47. Nonetheless we agree with the appellant that the finding that the appellant was in “no worse” position than “any other young man” in Albania was a perverse finding which the Judge was accordingly not entitled to make.
48. The Judge had before him expert medical evidence from a psychiatrist from July 2020. Although the Judge did not accept that the appellant had proved that he had got worse since that report was written, he appears to have accepted that the position set out in the report reflected the position at the time of the hearing.
49. As the Judge recorded, that report considered that the appellant’s removal to Albania would be highly detrimental to the appellant’s mental health, there was the risk of the emergence of a significantly increased risk of suicide or serious self-injury in the appellant were he to be removed to Albania and that the appellant’s coping mechanisms are limited.
50. In circumstances in which the Judge has not rejected the psychiatrist’s assessment of the appellant, we do not understand how the Judge came to the conclusion that the appellant was in no worse position than any other young man in Albania.

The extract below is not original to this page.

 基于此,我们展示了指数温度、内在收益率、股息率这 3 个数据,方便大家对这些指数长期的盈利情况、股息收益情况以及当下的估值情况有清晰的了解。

Someone with limited coping mechanisms for whom removal would be highly detrimental to his mental health is, we consider, inevitably in a worse position than other young men generally. It may be (and we emphasise that we make no finding in this respect) that it would have been open to the Judge to find that the differences between someone in the appellant’s position and other young men were not sufficiently serious such that the appellant’s fear was, notwithstanding his particular circumstances, still not well-founded. But that is not the finding that the Judge made. The absolute finding that the Judge did make is one that in our judgment, and notwithstanding the wide latitude to be accorded by this Tribunal to findings of fact made by the FTT, was not open to him on the evidence and constituted an error of law.
Materiality and relief
51. The Respondent submitted that the Judge’s finding that there is sufficiency of protection in Albania means that the error is not material and that we should therefore refuse to exercise our discretion to set aside the FTT’s decision notwithstanding the error of law found.

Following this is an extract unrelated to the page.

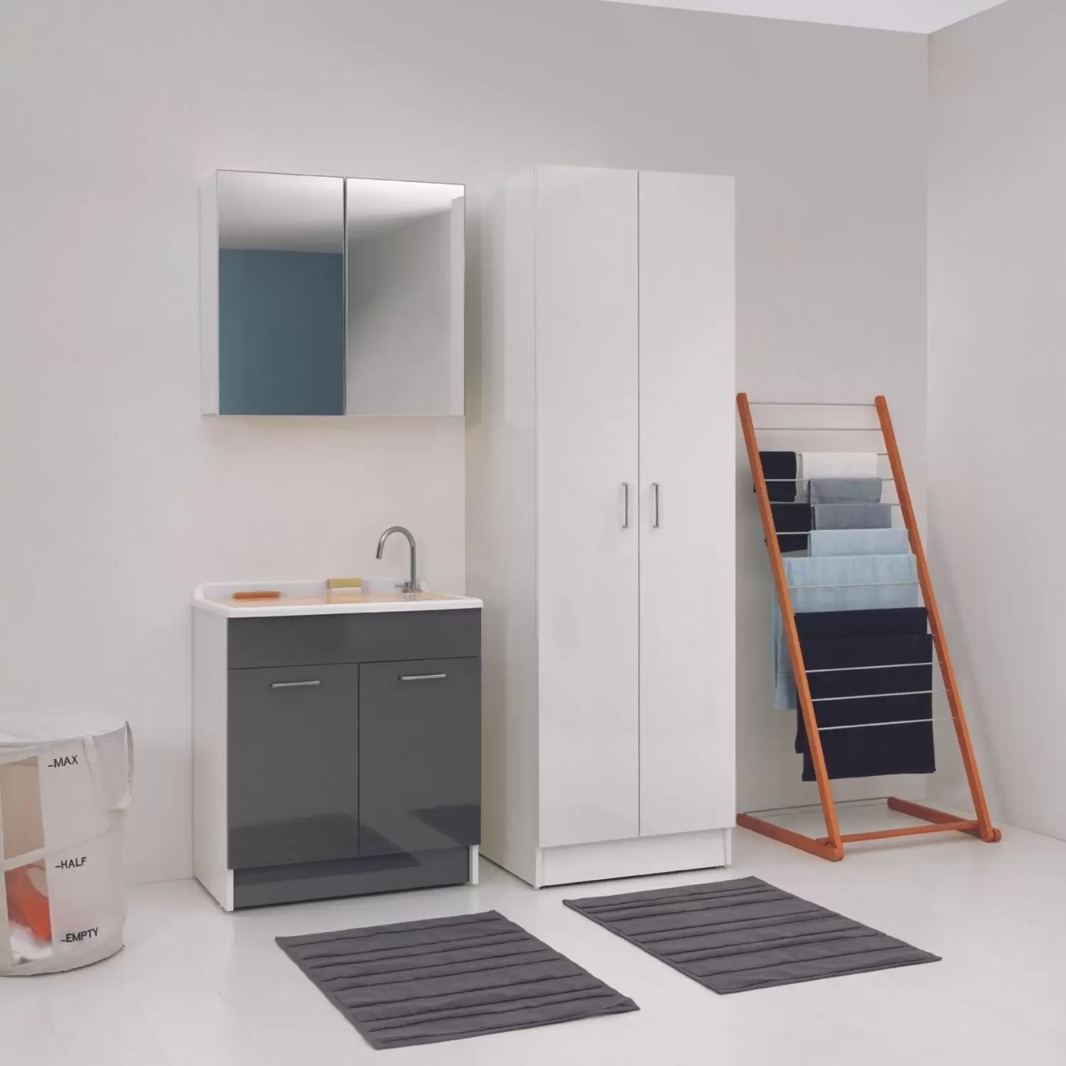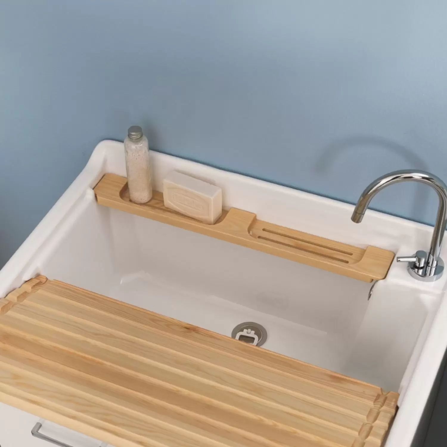 Mobile lavanderia Lindo Max di Colavene in truciolare nobilitato 18 mm. Idrofugo a norme EN, frontale in laminato lucido. Dotazione: fornito completo di cestello portabiancheria e griglia, tavola in legno massello, lavatoio in ABS metacrilato, sifone e troppopieno, maniglie cromate. Colore mobile: bianco. Colori frontali disponibili: bianco lucido, melanzana lucido, celeste lucido, antracite lucido.

52. We reject that submission. In the context of Albania and trafficking, TD makes it clear that although there is, in general, sufficiency of protection, it is not effective in every case and, when considering whether or not there is a sufficiency of protection for a victim of trafficking, the particular circumstances of the individual must be considered. The Judge’s finding that there is sufficient protection for this appellant is based only on the general position and his finding that the appellant is in no worse position than any other young man. It is not therefore inevitable that, once the appellant’s individual circumstances are considered in relation to sufficiency, the same conclusion will be reached.

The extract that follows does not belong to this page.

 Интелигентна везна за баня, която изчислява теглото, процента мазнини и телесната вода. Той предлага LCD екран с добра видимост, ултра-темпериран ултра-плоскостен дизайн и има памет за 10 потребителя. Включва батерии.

53. As the assessment of the appellant’s vulnerability and his ability to withstand being re-trafficked is central to his risk on return and whether there are obstacles to his re-integration, the legal error made by the Judge in our judgment infects the Judge’s assessment in relation to all of the claims before him. We therefore consider that the case requires re-making de novo and the facts found afresh. Having regard to the overriding objective and the nature and extent of the fact-finding necessary for the decision to be remade, we consider that it is appropriate to remit the case to the First-tier Tribunal.
DECISION
54. For the foregoing reasons, our decision is as follows:
(a) The making of the FTT’s decision involved the making of an error on a point of law.
(b) We set aside the decision and remit the case to the First-tier Tribunal for reconsideration de novo on all issues.
(c) The appeal will be heard by a judge other than First-tier Tribunal Judge Seelhoff.